Reading Time: 3 minutes

By Jacqui Miller

 

Maryka Groenewald, from Australian Christians, joins Bec in the studio to explain what happens now that Voluntary Assisted Dying has been legalised.

 

After decades of campaigning, 7 attempts and 180 hours of debate in parliament, Voluntary Assisted Dying has been legalised in WA.

What happens now that it’s been approved?

It passed through the upper house last week, then on Tuesday the amendments that were proposed in the upper house moved to the lower house and it was really just a formality to ‘ok’ it all. The 18-month implementation phase now kicks in. There’s a fair bit to work through this particular bill before you can actually implement it. All fifty-five amendments also passed. Contrary to reports that many people said it’s a safe bill, it warrants a mention that there were fifty-five amendments that needed to be added to make this bill safer.

Speaking of those fifty-five, what are some of the changes?

It’s quite different from the Victorian bill; a lot of it is around the administration. Unfortunately, one of the amendments that didn’t pass, but that is also worth mentioning, is in WA you can self-administer.

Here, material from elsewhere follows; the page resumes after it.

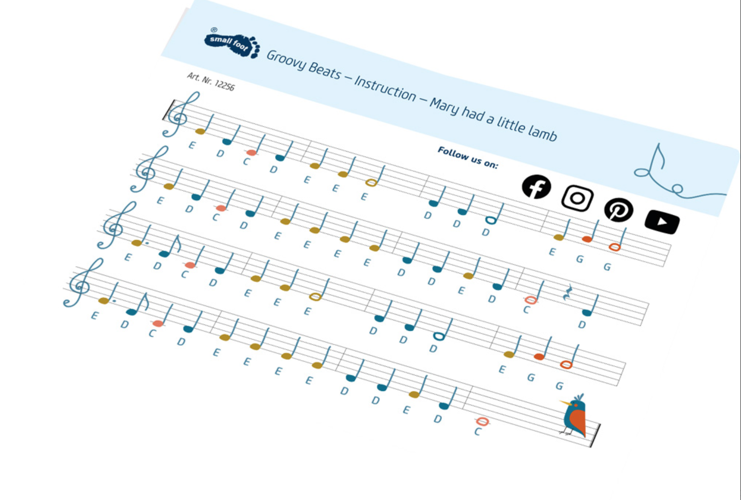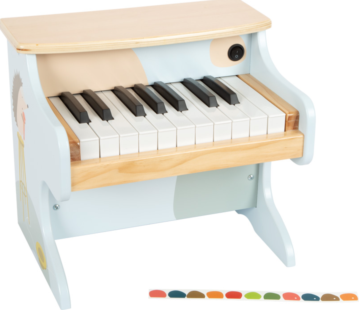Ele vem com adesivos que podem ser colados nas teclas, ajudam os pequenos músicos com suas primeiras músicas.

The unfortunate thing about one of those amendments to is, whilst it’s different to the Victorian Bill in that it gives people the option to do so and not just particularly through a physician, you don’t actually need supervision when you’re self-administering the substance. That was a bit of a worrying thing that a lot of people have said is not ideal; if people are self-administering a particular substance they would want someone there to supervise the process.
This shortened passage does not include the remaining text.